INFORMATION SUPPLIED ->
--------------------------------------------------
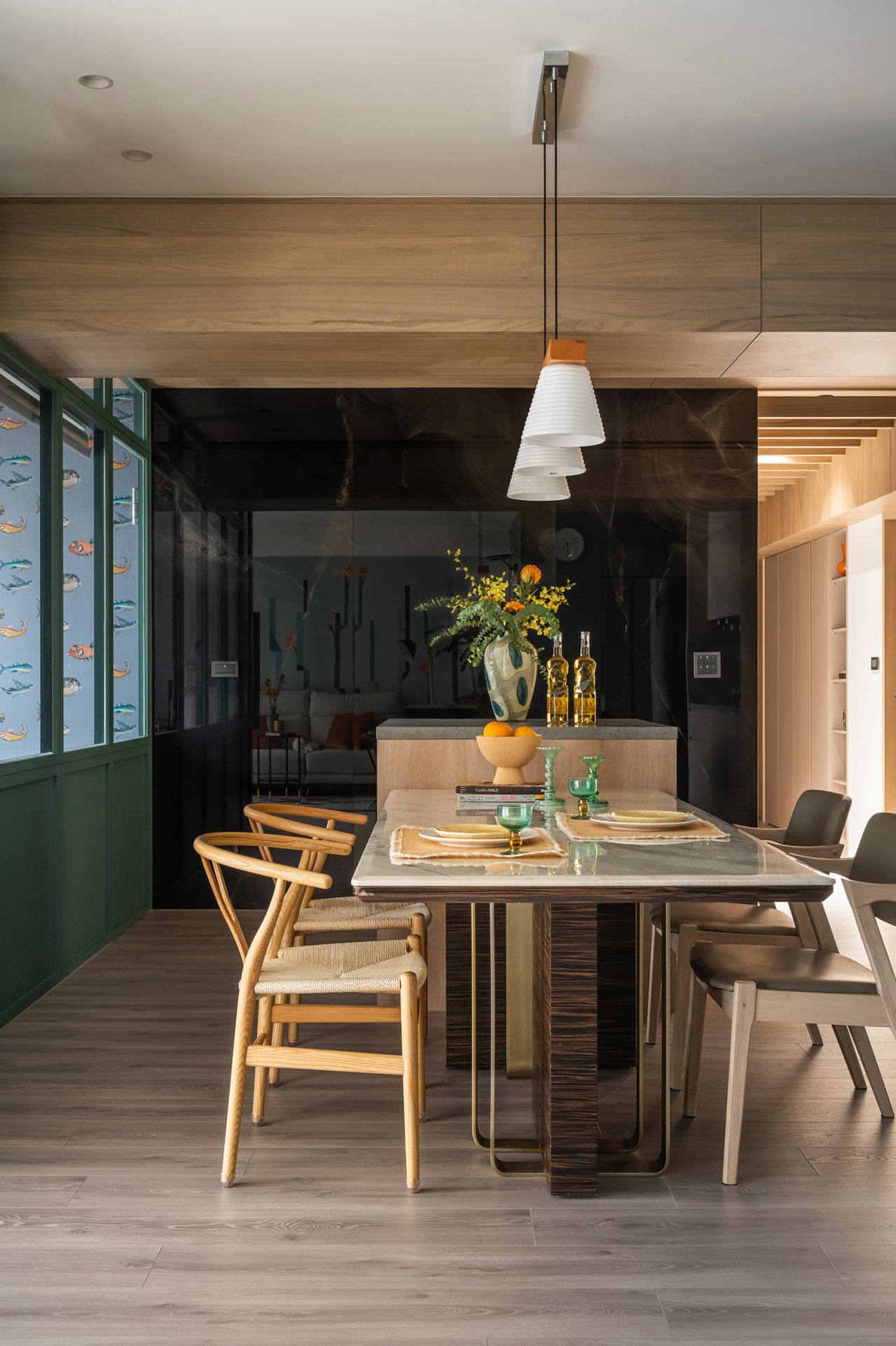 屋主一家從事醫療業,因工作忙碌,他們比誰都更珍惜片刻的悠閒時光,最愛出國旅行,體驗不同文化的居住風格。因此,在打造新家時,他們不想再走大眾流行的溫潤奶油色調,而是希望擁有一個充滿個性、色彩鮮明、具有獨特空間流動感的居所。
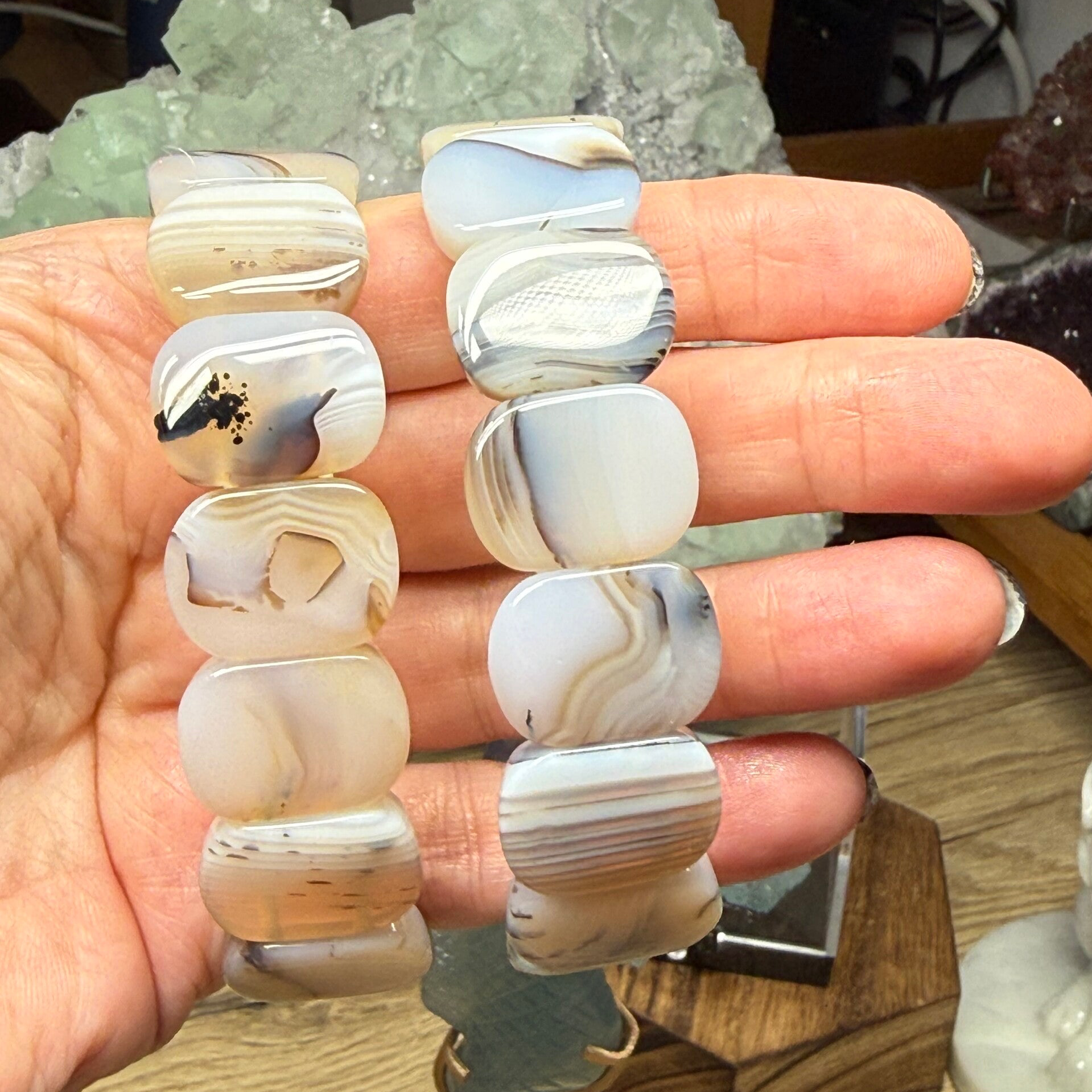 Dendritisch agaat ontstaat wanneer chalcedoon (microkristallijn kwarts) tijdens zijn groei wordt doordrongen door mangaan- of ijzeroxide‑afzettingen die zich in fijne scheurtjes en holtes nestelen. Deze mineralen vormen de kenmerkende vertakkende, boom- of varenvormige patronen die de steen zijn naam geven. Grote en bekende vindplaatsen liggen in Brazilië, India en de Verenigde Staten, waar de juiste combinatie van silica‑rijke oplossingen, langzame afkoeling en minerale insluitsels samenkomt om deze natuurlijke “landschappen” in steen te creëren.
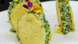 With shallot-wasabi sauce, served with burrata Caprese salad and pesto.
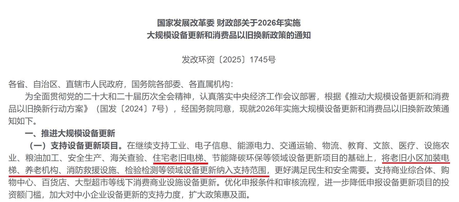 在总体延续2025年支持范围的基础上,主要增加三方面更新补贴,其中就包括在民生领域增加老旧小区加装电梯项目。补贴标准也更加精准,在设备更新方面,住宅老旧电梯更新补贴也由原来的定额补贴,调整为按电梯层(站)数分档差异化补贴。
--------------------------------------------------
TASK DIRECTIONS ->
Each line from the one containing "With shallot-wasabi sauce, served" through the last line above should be retyped exactly, and no other line. Any picture is to be left out.

TASK RESPONSE ->
 With shallot-wasabi sauce, served with burrata Caprese salad and pesto.
 在总体延续2025年支持范围的基础上,主要增加三方面更新补贴,其中就包括在民生领域增加老旧小区加装电梯项目。补贴标准也更加精准,在设备更新方面,住宅老旧电梯更新补贴也由原来的定额补贴,调整为按电梯层(站)数分档差异化补贴。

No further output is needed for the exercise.